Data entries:
---
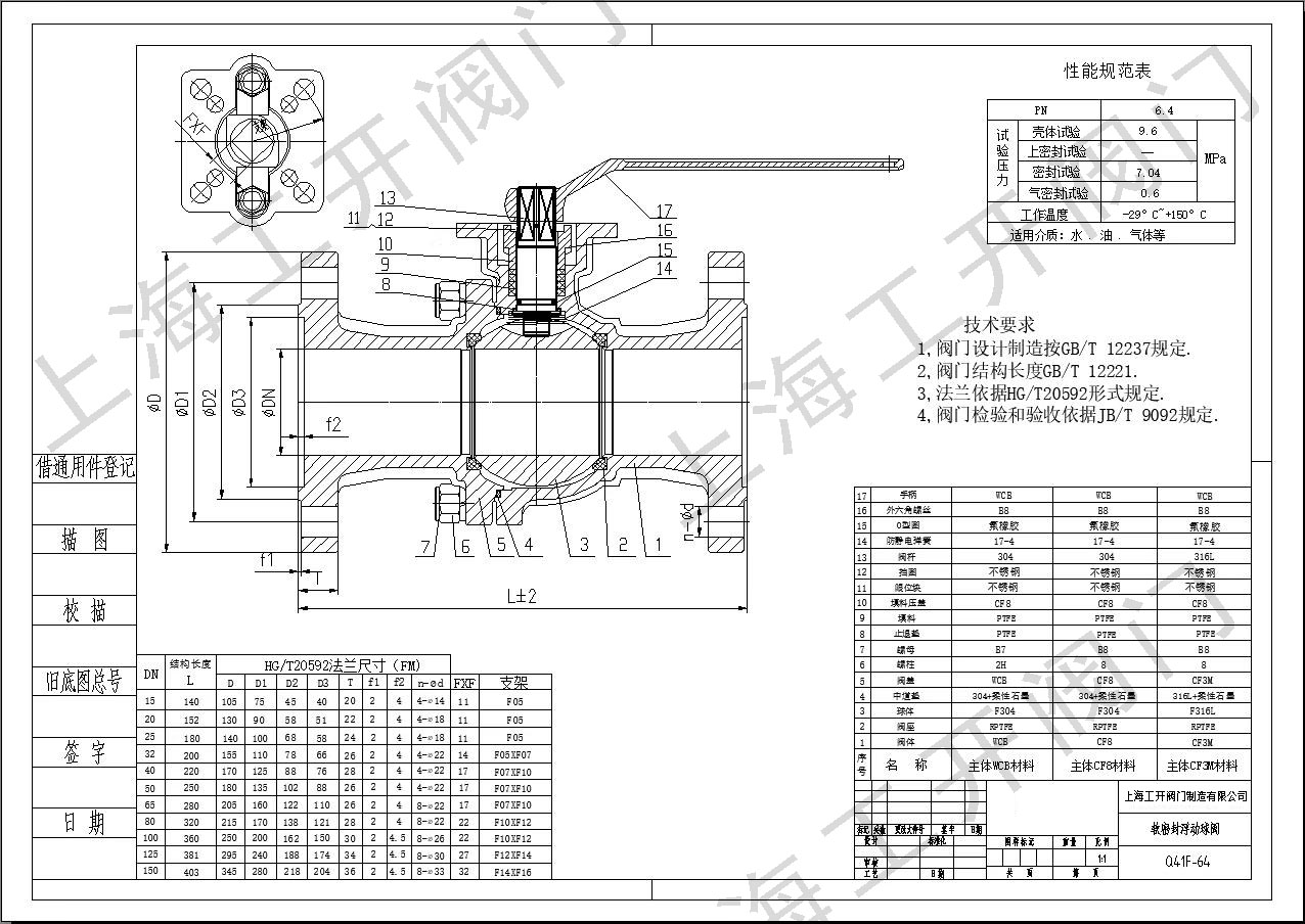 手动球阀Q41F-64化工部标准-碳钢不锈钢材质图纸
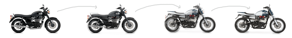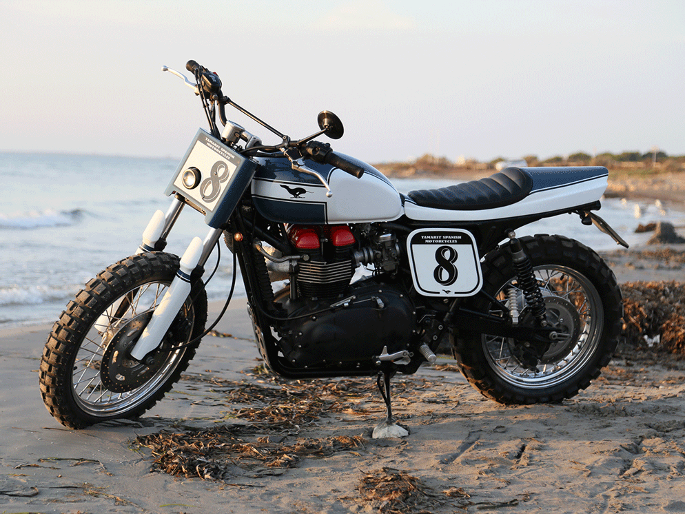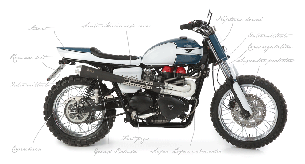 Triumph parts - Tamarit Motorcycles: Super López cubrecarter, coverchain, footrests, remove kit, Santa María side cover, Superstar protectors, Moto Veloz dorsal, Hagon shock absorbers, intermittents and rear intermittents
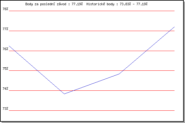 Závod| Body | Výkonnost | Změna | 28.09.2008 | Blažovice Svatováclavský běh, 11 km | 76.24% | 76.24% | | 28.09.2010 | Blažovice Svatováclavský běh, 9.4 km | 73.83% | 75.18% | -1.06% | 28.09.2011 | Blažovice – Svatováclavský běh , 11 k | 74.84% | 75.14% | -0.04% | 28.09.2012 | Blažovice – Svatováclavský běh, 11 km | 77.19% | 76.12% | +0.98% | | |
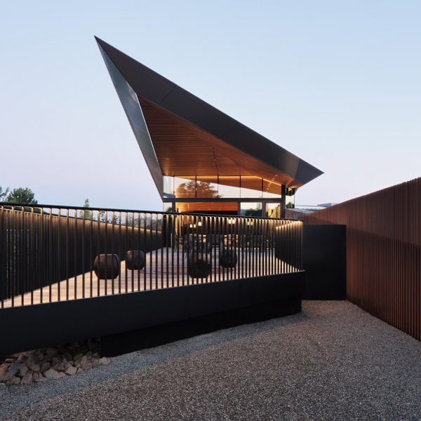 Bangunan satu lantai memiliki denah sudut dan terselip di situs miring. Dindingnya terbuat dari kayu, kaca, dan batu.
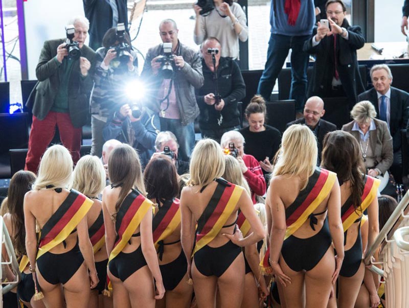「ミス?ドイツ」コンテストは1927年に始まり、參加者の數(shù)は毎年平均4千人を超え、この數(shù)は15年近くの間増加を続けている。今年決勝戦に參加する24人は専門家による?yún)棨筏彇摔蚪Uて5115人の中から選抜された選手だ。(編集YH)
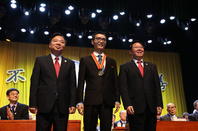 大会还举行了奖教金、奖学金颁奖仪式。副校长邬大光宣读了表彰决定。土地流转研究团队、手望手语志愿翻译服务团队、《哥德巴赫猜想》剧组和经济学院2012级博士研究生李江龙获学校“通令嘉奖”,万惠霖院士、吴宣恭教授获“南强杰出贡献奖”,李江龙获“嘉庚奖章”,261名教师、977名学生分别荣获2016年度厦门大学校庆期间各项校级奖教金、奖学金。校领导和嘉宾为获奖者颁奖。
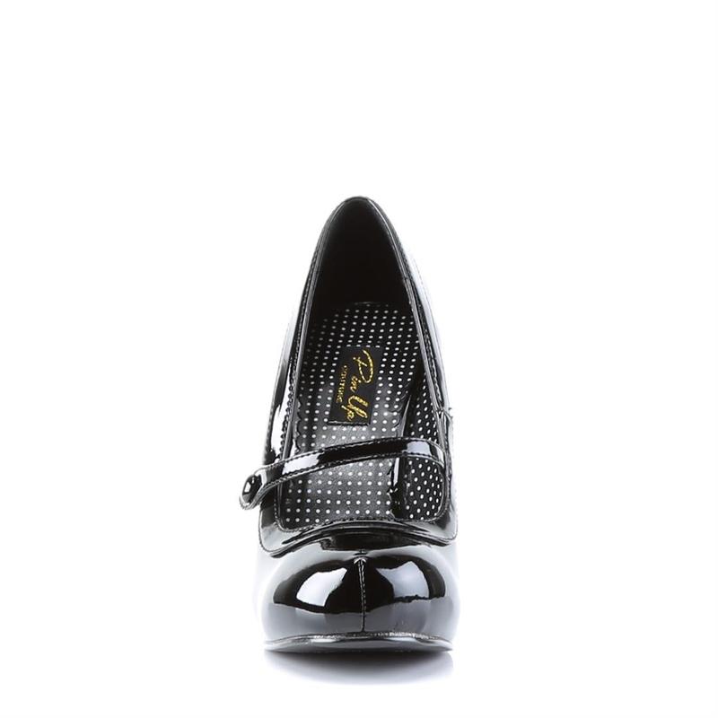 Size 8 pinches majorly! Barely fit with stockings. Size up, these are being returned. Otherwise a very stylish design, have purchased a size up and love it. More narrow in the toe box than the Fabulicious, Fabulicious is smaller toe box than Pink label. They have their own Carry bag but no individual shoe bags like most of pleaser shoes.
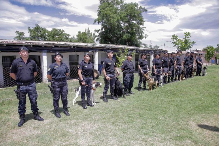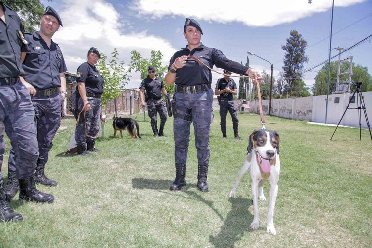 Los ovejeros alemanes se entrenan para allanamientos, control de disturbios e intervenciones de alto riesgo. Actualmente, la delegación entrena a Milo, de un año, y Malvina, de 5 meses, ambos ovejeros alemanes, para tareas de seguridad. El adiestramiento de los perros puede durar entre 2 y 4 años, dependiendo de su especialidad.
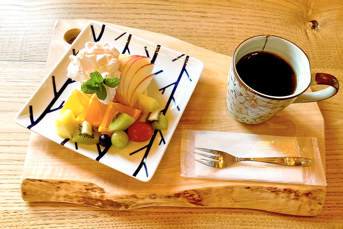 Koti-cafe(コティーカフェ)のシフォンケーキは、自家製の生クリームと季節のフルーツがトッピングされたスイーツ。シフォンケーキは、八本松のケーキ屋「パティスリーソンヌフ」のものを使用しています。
---
## Work instructions
Every record above, copied exactly and without a single picture, makes up the answer.

## Exercise output
 手动球阀Q41F-64化工部标准-碳钢不锈钢材质图纸
 Triumph parts - Tamarit Motorcycles: Super López cubrecarter, coverchain, footrests, remove kit, Santa María side cover, Superstar protectors, Moto Veloz dorsal, Hagon shock absorbers, intermittents and rear intermittents
 Závod| Body | Výkonnost | Změna | 28.09.2008 | Blažovice Svatováclavský běh, 11 km | 76.24% | 76.24% | | 28.09.2010 | Blažovice Svatováclavský běh, 9.4 km | 73.83% | 75.18% | -1.06% | 28.09.2011 | Blažovice – Svatováclavský běh , 11 k | 74.84% | 75.14% | -0.04% | 28.09.2012 | Blažovice – Svatováclavský běh, 11 km | 77.19% | 76.12% | +0.98% | | |
 Bangunan satu lantai memiliki denah sudut dan terselip di situs miring. Dindingnya terbuat dari kayu, kaca, dan batu.
「ミス?ドイツ」コンテストは1927年に始まり、參加者の數(shù)は毎年平均4千人を超え、この數(shù)は15年近くの間増加を続けている。今年決勝戦に參加する24人は専門家による?yún)棨筏彇摔蚪Uて5115人の中から選抜された選手だ。(編集YH)
 大会还举行了奖教金、奖学金颁奖仪式。副校长邬大光宣读了表彰决定。土地流转研究团队、手望手语志愿翻译服务团队、《哥德巴赫猜想》剧组和经济学院2012级博士研究生李江龙获学校“通令嘉奖”,万惠霖院士、吴宣恭教授获“南强杰出贡献奖”,李江龙获“嘉庚奖章”,261名教师、977名学生分别荣获2016年度厦门大学校庆期间各项校级奖教金、奖学金。校领导和嘉宾为获奖者颁奖。
 Size 8 pinches majorly! Barely fit with stockings. Size up, these are being returned. Otherwise a very stylish design, have purchased a size up and love it. More narrow in the toe box than the Fabulicious, Fabulicious is smaller toe box than Pink label. They have their own Carry bag but no individual shoe bags like most of pleaser shoes.
 Los ovejeros alemanes se entrenan para allanamientos, control de disturbios e intervenciones de alto riesgo. Actualmente, la delegación entrena a Milo, de un año, y Malvina, de 5 meses, ambos ovejeros alemanes, para tareas de seguridad. El adiestramiento de los perros puede durar entre 2 y 4 años, dependiendo de su especialidad.
 Koti-cafe(コティーカフェ)のシフォンケーキは、自家製の生クリームと季節のフルーツがトッピングされたスイーツ。シフォンケーキは、八本松のケーキ屋「パティスリーソンヌフ」のものを使用しています。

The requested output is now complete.